Surna Reports Q3 2017 Results
BOULDER, Colorado, Nov. 14, 2017 /PRNewswire/ — Surna Inc., a manufacturer of a proprietary line of application-specific lighting, environmental control and air sanitation systems for state-regulated cannabis cultivation facilities as well as traditional indoor agricultural facilities (OTCQB: SRNA), announced today operating and financial results for the three and nine months ended September 30, 2017. They will not be hosting a conference call following the release of our financial results.
- Our revenue for the three months ended September 30, 2017 was $1,566,000 an increase of $395,000, or 34%, compared to the three months ended September 30, 2016.
- During the three months ended September 30, 2017, we were awarded new sales contracts totaling $2,385,000, bringing our total new sales contracts awarded for the nine months ended September 30, 2017 to $7,182,000.
- As of September 30, 2017, the unearned contract value of our outstanding sales contracts for which we have received an initial cash deposit increased to $4,311,000 (“Q3 2017 backlog”).
- We realized an operating loss of $1,234,000 for the three months ended September 30, 2017 which includes $626,000 of non-cash, equity-based compensation expenses.
- As of September 30, 2017, our cash balance was $1,301,000, a decrease of 3.9% from our cash balance of $1,353,000 as of June 30, 2017.
Overall, we are pleased with the progress our team has made in the third quarter, particularly with the generation of almost $2.4 million in new sales contracts. Based on the current status of our projects, we are tracking toward the completion of more than half of our current backlog by year’s end.
Chris Bechtel, Surna’s CEO
Despite our third quarter operating loss, our cash balance decreased less than 4%, ending at $1,301,000, with our balance sheet remaining free of any long-term debt.
Results of Operations
Revenue for the three months ended September 30, 2017 was $1,566,000 compared to $1,171,000 for the three months ended September 30, 2016, an increase of $395,000, or 34%.
Cost of revenue increased by 56% from $754,000 for the three months ended September 30, 2016 to $1,175,000 for the three months ended September 30, 2017.

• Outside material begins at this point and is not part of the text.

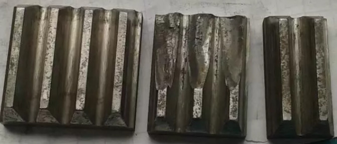 該零件的加工工藝過程為:原材料進廠檢驗→下料→鍛造齒坯→齒坯加工→滾齒→齒形幾何精度檢驗→滲碳→去碳層→淬火及回火→齒形精加工+磨齒形→清理輪齒、防銹和包裝。僅保留齒面的碳層,因此該齒輪齒面硬度高,心部綜合力學性能好。該齒輪使用約100h,產生齒輪斷齒事故,斷齒斷口及未斷裂齒宏觀形貌見圖1所示,對斷齒齒輪進行探傷后發現有些(未斷裂)齒的齒面存在裂紋見圖2所示。針對齒輪輪齒的斷裂,我們進行了以下分析。

The gross profit for the three months ended September 30, 2017 was $391,000 compared to $417,000 for the three months ended September 30, 2016. Gross profit margin decreased by 11 percentage points from 36% for the three months ended September 30, 2016 to 25% for the three months ended September 30, 2017. This decrease was caused by an unfavorable sales mix of lower margin products (i.e., equipment manufactured by outside vendors) and increased manufacturing overhead compared to the three months ended September 30, 2016.

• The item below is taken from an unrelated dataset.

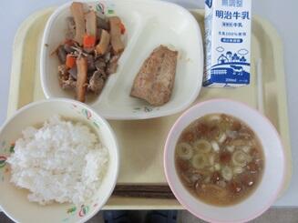 今日の給食は、ご飯、牛乳、さばのみぞれ煮、豚肉とごぼうの煮物、なめこ汁です。高根沢町で生産されたものは、味噌、なめこ、ねぎ、米です。今日もたいへんおいしく頂きました。

We sell an integrated solution that can create gross profit margin fluctuations depending on the project design and the mix between our proprietary equipment, which typically generates a higher gross profit margin, and the equipment manufactured by outside vendors, which has a lower gross profit margin.
Operating expenses increased by 148% from $654,000 for the three months ended September 30, 2016 to $1,625,000 for the three months ended September 30, 2017, an increase of $971,000. The operating expense increase consisted of: (i) an increase in selling, general and administrative expenses (“SG&A expenses”) of $862,000, and (ii) an increase in advertising and marketing of $123,000, offset by (iii) a decrease in product development expense of $15,000.

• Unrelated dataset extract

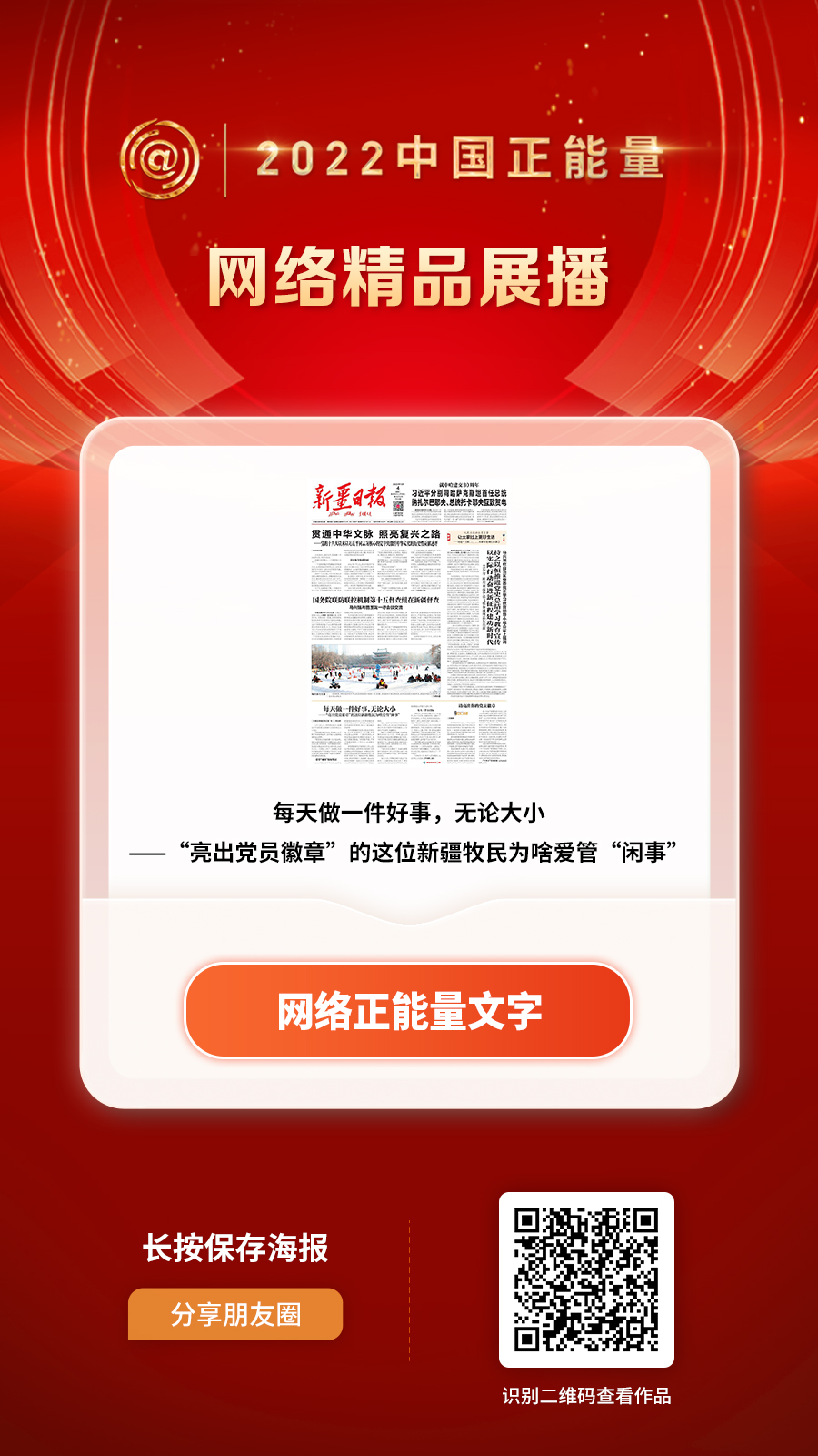 | 26 | 每天做一件好事,无论大小——“亮出党员徽章”的这位新疆牧民为啥爱管“闲事”![]() | 任江、阿比拜、赵卫斌、袁蕾、钟秀玲 | 新疆日报社 | 新疆维吾尔自治区党委网信办 |

The increase in SG&A expenses for the three months ended September 30, 2017 compared to the three months ended September 30, 2016 is due primarily to: (i) an increase of $452,000 in equity-related employee compensation, (ii) an increase of $220,000 in salaries and benefits, (iii) an increase of $115,000 in legal and consulting fees, and (iv) an increase of $113,000 in cash and equity-based director fees.
The increase in marketing expenses have been primarily a result of: (i) our investment in re-branding the Surna name, including approximately $55,000 for the redevelopment of our website and marketing materials, (ii) our increased presence at industry trade shows and events, resulting in increased expenses of $25,000, and (iii) marketing salaries and benefits (including equity-related compensation), which increased by $24,000.
We realized an operating loss of $1,234,000 for the three months ended September 30, 2017 as compared to an operating loss of $237,000 for the three months ended September 30, 2016. However, we incurred $626,000 of non-cash, equity-based compensation expenses in the three months ended September 30, 2017 as compared to $0 for the three months ended September 30, 2016. Excluding these non-cash items, our operating loss increased by $371,000.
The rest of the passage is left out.